The sort of self-talk that comes with this self-criticism is reactive in nature. Let me give you an example: if you decide, for some reason, that your deltoids are too small and “need” fixing before your physique is “perfect,” your goal is inherently about how imperfect you are and thus are in need of fixing. After you “fix” your deltoid size, you’ll find something else that is “wrong” and “needs fixing.” And you can do this forever, endlessly finding more and more that is wrong with you in the face of the recent “fix” you achieved, hence turtles all the way down. You may end up with a more beautiful body, but your journey there was on a wagon of self-loathing. In men, this is the root of the Adonis complex; in women, anorexia nervosa among others.

Your body is exactly the way it is; nothing to be fixed. One way to realize it is to actually do things with it that you’ve not done before. This is a proactive framework, where you add to the foundation that is you, not chip away at it. You lift more, learn to handstand, juggle, or some other skill. You take up a sport, take up yoga, take up tai chi, explore everything that you body can do. You come to realize that you’re a pretty rad machine; look at all you can do! If you were “broken” you’d never actually be able to do these sorts of things. Your body may change as a result, but that’s a side effect of learning all of the cool stuff you can do.

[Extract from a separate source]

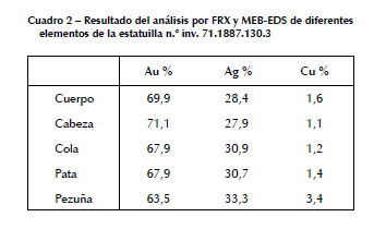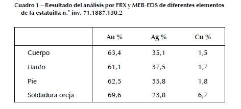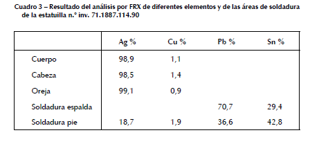 El análisis por FRX (cuadro 2) de diferentes elementos de la estatuilla revela la utilización de aleaciones que también contienen una alta concentración de plata. La composición de las láminas utilizadas para elaborar los pies de la estatuilla presenta un porcentaje más elevado de cobre; esto evidencia que se trata de una aleación diferente.

In Health Education, there’s a lot of discussion about intrapersonal theories. How do you teach a person a set of skills that allows them to rationalize better health decisions over their lifetime? Now omitting that there are a host of others factors that are likely more important (e.g. interpersonal factors, community factors, cultural factors for instance), these theories identify where people are in how they think and some of them point to how they think and aim to modify these behaviors. One in particular that is relevant to this discussion is the Theory of Planned Behavior (TPB). The theory states that a person’s attitude toward behavior, subjective norms, and perceived behavioral control, together shape an individual’s behavioral intentions and behaviors. Especially in fitness, it often goes like this: behavior (“working out = punishment for cake”), subjective norms (“everyone is so much fitter/prettier/skinnier/harder working than me”), perceived behavioral control (“But I can fix me! I can control everything and look like that!”), together shape a person’s behavioral intentions (“I’ll find every flaw, and until I do, post myspace angle photos hiding that which I perceive as such”). I’m sure I don’t have to elaborate, but a negative affect from the start will only lead to misery.

Here’s a suggestion: find something you want to do with your body (not to your body), really work at getting better at it, and stand back and be amazed at how far you were able to get when you didn’t worry about what was wrong with your body, but how many great things your body can do. It’s astonishing.